Dr Gibson hands out a tough quiz in the ‘comments’ thread of Jacques’s latest post on comparative advantage:

Quiz: last year I earned no money from writing. This year I expect to make $5,000. By what percentage will my writing income have risen?

Jacques is stumped. I am too, but I think I’ll take a stab at it anyway. The worst that can happen is that I’m wrong, right? Warren, by the way, has a PhD in engineering as well as an MA in economics, so math is his forte (he is also the math reader for Econ Journal Watch).

I speculate that the percentage of his writing income has risen by 100%. I don’t see how it could be anything else. If you start out at zero, then even if Warren only made $1 this year an increase from $0 to $1 would have to be 100%, right?

Am I right? I need help.

Digression: Jacques is right that the Romans got along fine without the zero, but that’s not saying much. Here is Tocqueville:

If the Romans had been better acquainted with the laws of hydraulics, they would not have constructed all the aqueducts which surround the ruins of their cities – they would have made a better use of their power and their wealth. If they had invented the steam-engine, perhaps they would not have extended to the extremities of their empire those long artificial roads which are called Roman roads. These things are at once the splendid memorials of their ignorance and of their greatness. A people which should leave no other vestige of its track than a few leaden pipes in the earth and a few iron rods upon its surface, might have been more the master of nature than the Romans.

4 thoughts on “From the Comments: A Puzzle About Percentages

  1. It is undefined guys. A percentage is essentially just a fancy way to calculate a division of something and you can’t divide by zero. Well you can but not for practical purposes.

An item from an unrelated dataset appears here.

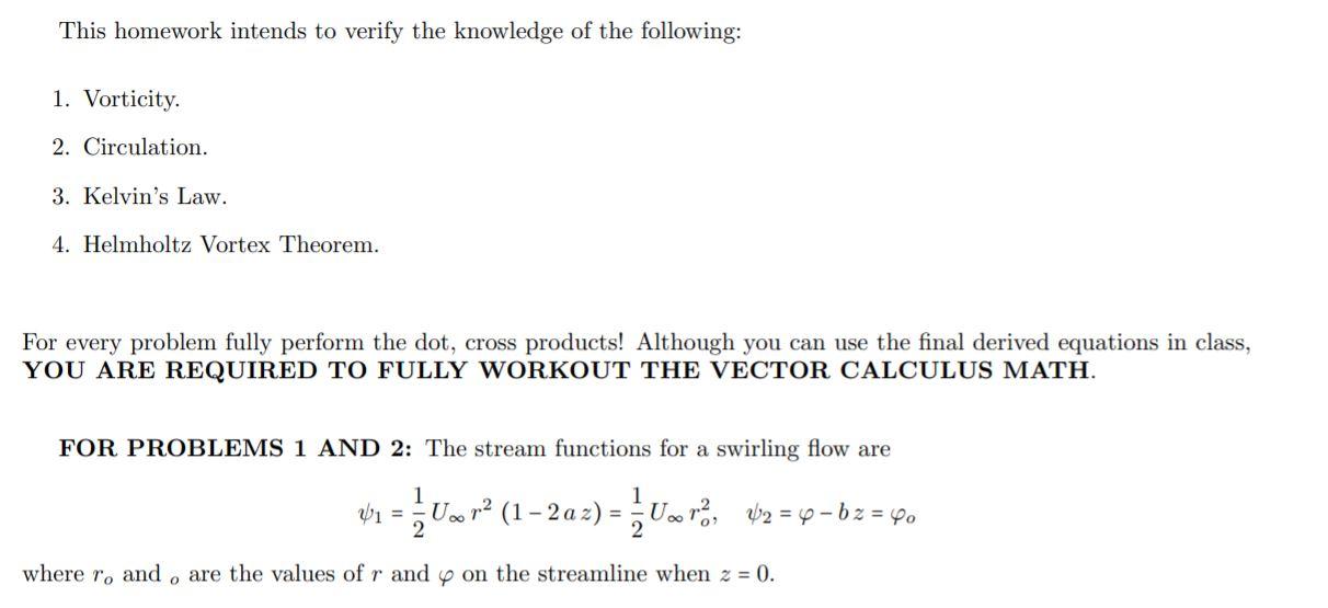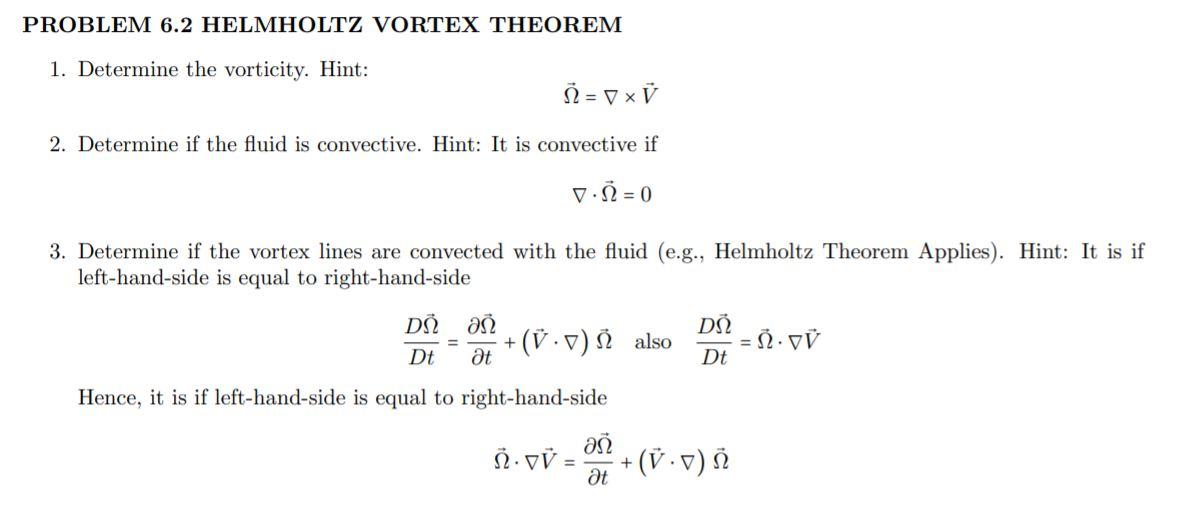 PROBLEM 6.2 HELMHOLTZ VORTEX THEOREM 1. Determine the | Chegg.com

  2. Answer: division by zero is undefined and therefore no percentage can be calculated. Also, one is not “close enough to zero” as Jacques says if, for example, you’re measuring the width of your pencil in meters.

    A related example from economics: suppose the price of a cup of coffee rises by $0.001 and you continue to purchase 20 cups per week despite this rise. Does this example violate the law of demand? No, but not because $0.001 is “close to zero.” It’s because $0.001 is small compared to the threshold of your subjective perception which might be $0.10.

  3. I am always eager to learn from my better. It the practical case that preoccupied me though the correct answer is not better than my own incorrect one.

    As to the Romans: with no zero, they managed to build bridges and aqueducts that did the job well and were pleasing to the eye. One beautiful example is still standing and it could be functional in southern France. (Le Pont du Gard.) However, if I had to vote, I would definitely vote in favor of the zero.